Reenable Crowdin GitHub Integration (or decide against Crowdin)
For now the GitHub integration of our Crowdin project is disabled. There were multiple reasons, but mostly: Crowdin created lots of noise. For one, a ton of commits, most without useful changes. But non-translated strings were also added as empty strings or with the English original. Finally, I couldn't reenable the Crowdin integration as it requires way too many permissions via GitHub auth (which I am not willing to give to Crowdin).
So once we have a bit more time, we should talk about a crowdsourcing translation service again. If Crowdin works without producing lots of noise: nice. Otherwise I'd prefer an alternative.
Since we weren't happy with the Crowdin integration in Opencast (same reasons you mentioned + we wanted to select the languages to be incorporated) we are using a different integration. The script we use for Opencast downloads and commits all the necessary translation files. You can easily trigger it manually or have it run automatically on a regular basis.
With Weblate you can squash commits per author, language, or just just one PR https://docs.weblate.org/en/latest/admin/addons.html?highlight=squashing#squash-git-commits
Fairly sure population of languages is a gettext setting. Remember reading about it in the documentation. (Thought it could have been the Weblate documentation too)

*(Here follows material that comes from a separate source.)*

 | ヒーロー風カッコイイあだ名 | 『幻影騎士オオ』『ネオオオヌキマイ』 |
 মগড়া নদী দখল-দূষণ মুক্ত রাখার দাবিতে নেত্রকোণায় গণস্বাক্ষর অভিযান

Please don't use Crowdin. As a translator having used both extensively, I can recommend Hosted Weblate, or a self-hosted instance https://weblate.org/hosting/
@lkiesow opencast-annotation-tool only has one German translation, with 87% coverage. Last activity 6 months ago. For 533 words…

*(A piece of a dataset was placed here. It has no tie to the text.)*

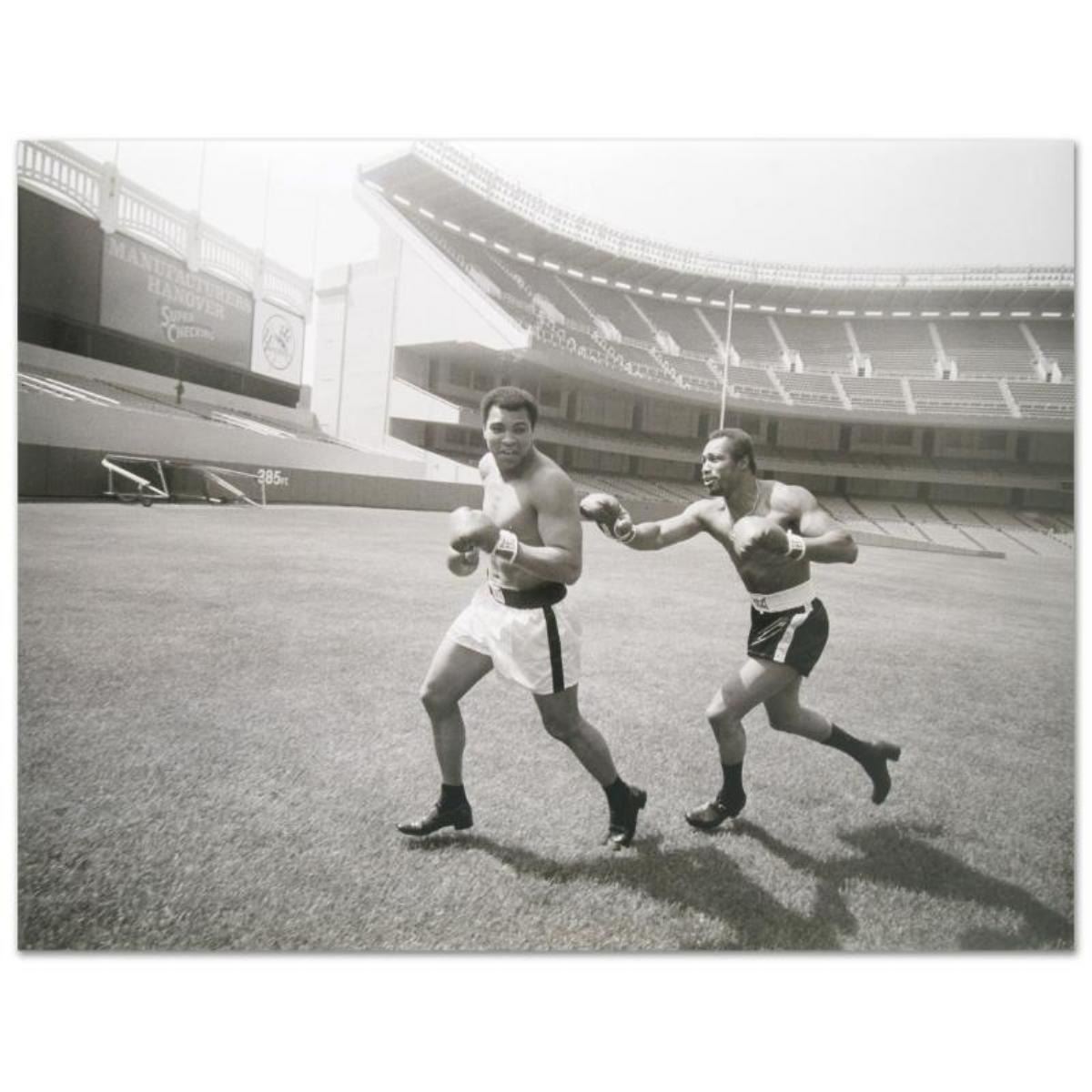 Own a piece of sports history with this photo of Muhammad Ali and Ken Norton (1943-2013), one of Ali's famed opponents. Taken at the peak of Ali's success as one of the greatest heavyweight championship boxers of all time, this photo is sure to complement any sports memorabilia collection. This is a licensed photograph on paper. Measures approx. 40" x 30" (no border).

opencast-community has 21 languages, with coverage averaging something like 40%, with nothing over 57%, and two empty branches. Last activity 2 months ago. For 8461 words.
That is exactly what happens to projects on Crowdin. The quality is also from what I have seen not up to par; there are fewer translators, fewer good ones still, and because getting an overview is so much harder than it needs to be, etc. Apart from overview, further challenges in getting strings out of the voting system and into the string-base is presented, and the end-result is a far cry from approaching consistency.

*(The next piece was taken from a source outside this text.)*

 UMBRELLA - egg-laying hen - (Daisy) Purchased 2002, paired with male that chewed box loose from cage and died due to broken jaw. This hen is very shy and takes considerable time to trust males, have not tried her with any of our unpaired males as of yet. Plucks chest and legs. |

To add insult to injury, Crowdin is a closed source tool, that requires libre software projects to be non-commercial to qualify for gratis hosting, and they also require participation in their equally closed translation memory. That means sub-licensing all the content. Also, everyone using the platform is subjected to tracked profiling, and get their data sold to advertisers. Read the terms and conditions.